2. How does the algorithm handle the need for generating thousands of unique molecules?
- The authors implement a dynamic temperature scheduling strategy, where the sampling temperature starts at 1 and linearly increases to 1.5 as the number of oracle evaluations grows, promoting the generation of more diverse molecules over time.
3. What are the key hyperparameters of the optimization algorithm, and how were they tuned?
- The authors identified and froze the less sensitive hyperparameters, then focused on tuning the more sensitive ones (pool size, number of similar molecules, fine-tuning tolerance level, and fine-tuning peak learning rate) using a grid search.
- The tuning was performed on the perindopril_mpo and zaleplon_mpo tasks from the PMO benchmark, with the best-performing configuration applied across all benchmarks.
[04] Experiments
1. How did the proposed optimization algorithm perform on the Practical Molecular Optimization (PMO) benchmark?
- The authors' approach, powered by the Chemlactica-125M, Chemlactica-1.3B, and Chemma-2B models, outperformed existing methods on the PMO benchmark, achieving an average improvement of 8% over the previous best method.
- The authors also demonstrated the ability to further improve performance by incorporating additional property information into the prompts used during optimization.
2. How did the models perform on the multi-property optimization with docking task?
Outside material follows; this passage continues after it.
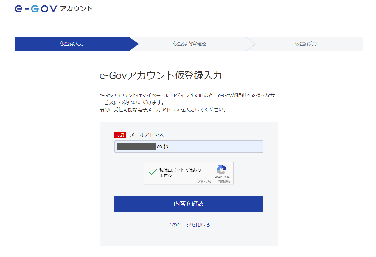 e-Govアカウントは、下記ページから仮登録・本登録することで取得できます。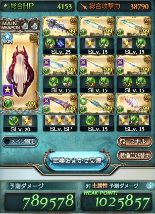 サブ :絶対否定の槍Lv250:スキル:アビダメ上限、極技

- On this benchmark, which evaluates the models' ability to generate viable drug candidates, the authors' approach consistently achieved the highest performance for the generative yield metric across all evaluated receptors (DRD2, MK2, and AChE).
- The smaller Chemlactica-125M model demonstrated superior performance in terms of oracle burden, while the larger Chemma-2B model excelled in generative yield, suggesting a trade-off between exploration and exploitation.
3. What was the impact of numerical precision on the optimization performance?
- The authors conducted an ablation study comparing 32-bit floating point precision with bfloat16 precision, finding that lower precision significantly degraded the optimization performance.
- This was attributed to the cascading effects of sub-optimal molecule generation, where errors in logit values propagate and lead to a negative feedback loop in the optimization process.